Even more so than with other mediums, in music environmental messages are mixed with other themes. This might just be because two words that are on totally different subjects happen to rhyme quite well, but in lots of cases it's just because the songs are about big business (and all that) screwing things up in a number of ways. Here I look at a few examples from The Gorillaz, experimental metal band Sikth and punk rockers NOFX and Bad Religion.

Gorillaz, the brainchild of former (and again current) Blur front man Damon Alburn, conclude their second album Demon Days with a three part finale embedded with environmental themes. The gospel choir sings:


‘In these demon days it’s so cold inside,
so hard for a good soul to survive,
you can’t even trust the air you breathe cos,
mother earth wants us all to leave’

The first part of the finale is a spoken word narrative, over a beat, about an innocent  people being contaminated by a sinister and cynical business invasion. These invaders 'hiding behind dark glasses', violate the local people's sacred place, a cave in the mountain, and steal their jewels to fuel 'the chaos of their own world'. The spirit of the mountain, namely 'Monkey', gets angry with this and wreaks some kind of catastrophic vengeance on the world. 

Although I don’t hold with Gaia theory, I do like the idea of personifying the world as an angry and powerful entity that can destroy us. 

PUNK

Politicised punk rock bands focus most of their fury against social injustice, but there are examples where these bands also tackle environmental issues.

In ‘I want to conquer the world’ a relatively youthful Bad Religion acknowledge the paradox of trying to impose world peace and harmony over everything through forceful rule. The last, triumphant stanza goes:

“I want to conquer the world
Expose the culprits and feed them to the children,
I'll do away with air pollution and then save all the whales,
We'll have peace on earth and global communion.
I want to conquer the world.”

It’s sung with the intensity of a megalomaniac, they are the words of a blatantly naive character. Though these would be worthy efforts, it’s really a song about seeing the wrongs of the world and feeling powerless to change them. It’s an acknowledgement that the idea of one person having the power to right all the world’s wrongs is a pipe dream, but nonetheless it’s a rally cry for all the idealistic teenagers who feel the same (but in a less nauseating way than 'Invisible Children'). For another similar effort from this band see: punk rock song. 
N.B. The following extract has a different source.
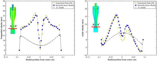 In addition, in order to select an appropriate turbulence model that can simulate a cyclone strong rotational flow, the results of the velocity distribution experiment [20] and the prediction results according to the turbulence model were compared. The experimental data and simulation data were compared with the results of the tangential velocity and axial velocity distribution at the certain locations (Y = 0.77D, ) as shown Figure 6. The residual values of the turbulence equation and mass equation showed the under and . In the Figure 6, the x label is the distance from the center of the cyclone to the wall. When the model was used, it showed an abnormal tangential distribution near the wall. The reason for this prediction is that the model assumes anisotropic property for modeling the Reynolds stress term. When model is applied for cyclone flow analysis, the outer flow and inner flow can be captured incorrectly. In contrast, Reynolds stress model (RSM) predicted a velocity distribution similar to the experimental results. The RSM can properly simulate rotational flow through an isotropic assumption for Reynolds stress term. Therefore, in this study, the RSM was applied to capture the cyclone flow. The detailed equations and explanations on the RSM can refer the reference [17,18].

In Bad Religion's massive repertoire built up since 1979 there are many other great examples, this is just a personal favorite. 

In ‘Franco Un-American’ NOFX sing about the revelations of an average American to all of the problems of the world and the realisation that his country is complicit in many of them. It’s all done with the level of humor and self-awareness you expect from this band.
The character Franco changes through the song from first line:
 ‘Let the whales worry about the poisons in the sea, outside of California it’s foreign policy’,
To
‘now I can’t sleep from years of apathy, all because I read a little Noam Chomsky’.
video

Sikth

Sikth are one of those bands... if your auditory digestive system is scream intolerant you'll be rushing to the porcelain throne. But in between the weird dual vocalist attack there is real technical skill and also environmentalism. 
Both of their albums have imagery drawn from the degradation of nature and if the presentation is a bit abstract and interpretive in most of their songs, in 'When will the Forest speak?' a poem spoken in a multitude of strange voices makes it obvious (sort of).

"when will the forest speak,
when all is dried up and way too weak?"
and
"the yeti no longer has a home,
the trees are gone & nothing is grown"
and
"up high on this glorified cement post card I spit,
I spit, I spit upon thee"

There are lots of bits that are interpretive, but the frequent use of imagery from nature in their songs  is further evidence of their environmental position. The personification of nature into 'the Yeti' also shows their stance on the nature of nature as a benevolent force:
"the yeti is waiting to take us into his home, 
care for us just like one of his own"

In the first track of their second album 'Bland Street Bloom', the song does what is says on the label. Damning the inexorable spread of the same shop franchises in every town centre. The environmental aspect of this song is emphasized more in the video.